- This event has passed.
aiXcelerate 2024
Monday, 9. December ► 9:00 - Wednesday, 11. December ► 17:30
in cooperation with
Topic: Machine Learning on NVIDIA GPUs
Description
The annual event aiXcelerate at RWTH Aachen University (NHR4CES@RWTH) is a tuning workshop for HPC users. It comprises lectures that are open to everyone, and hands-on parts where (invited) groups apply the learned concepts to their own codes. This year, aiXcelerate covers the topic “Machine Learning (ML) on NVIDIA GPUs” and focuses on using the GPUs of RWTH’s HPC cluster “CLAIX” with frameworks such as PyTorch or Tensorflow. This workshop provides insights to performance analysis and performance tuning of ML codes (and is not an introduction to ML). aiXcelerate will take place with the support of NVIDIA from December 9th to 11th, 2024. Catering is sponsored by NEC and NVIDIA.

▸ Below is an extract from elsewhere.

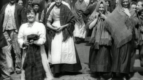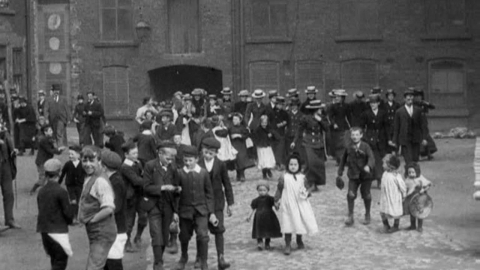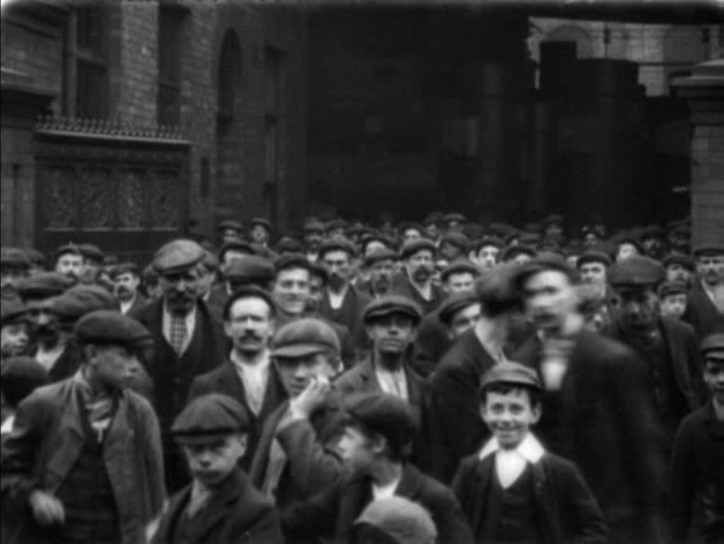 Victorian Manchester mill workers enjoy the novelty of a moving picture camera.

Presentations (open to everyone)
The talks are distributed across the morning sessions of the three days of aiXcelerate. The topic of the first day is “Analyzing Performance of ML Codes” and covers the usage of the automatically-running RWTH performance monitoring system, as well as the usage of NVIDIA’s Nsight tool and how to find bottlenecks with it. The second day focuses on “Scaling ML Codes across Multiple GPUs/ Nodes”. Here, approaches with PyTorch (Distributed) and Tensorflow + Horovod are presented to speedup ML codes by using more hardware in parallel. On the third day, we will look at “Handling Datasets of ML Codes”. We will present the different options for storing and using ML data during runtime (on CLAIX). Furthermore, the usage of check pointing in ML codes will be introduced to save the application’s state in certain intervals to provide fault tolerance.
Talks are offered in a hybrid form: The presenters will do their talks in-person on the premises of the IT Center at RWTH Aachen University. Thus, participants are very welcome to attend the presentations in-person, too. Additionally, presentations will be streamed live in online form. Hence, participants can also attend remotely. Participants need to choose their setup (on-premise or online) during the registration process.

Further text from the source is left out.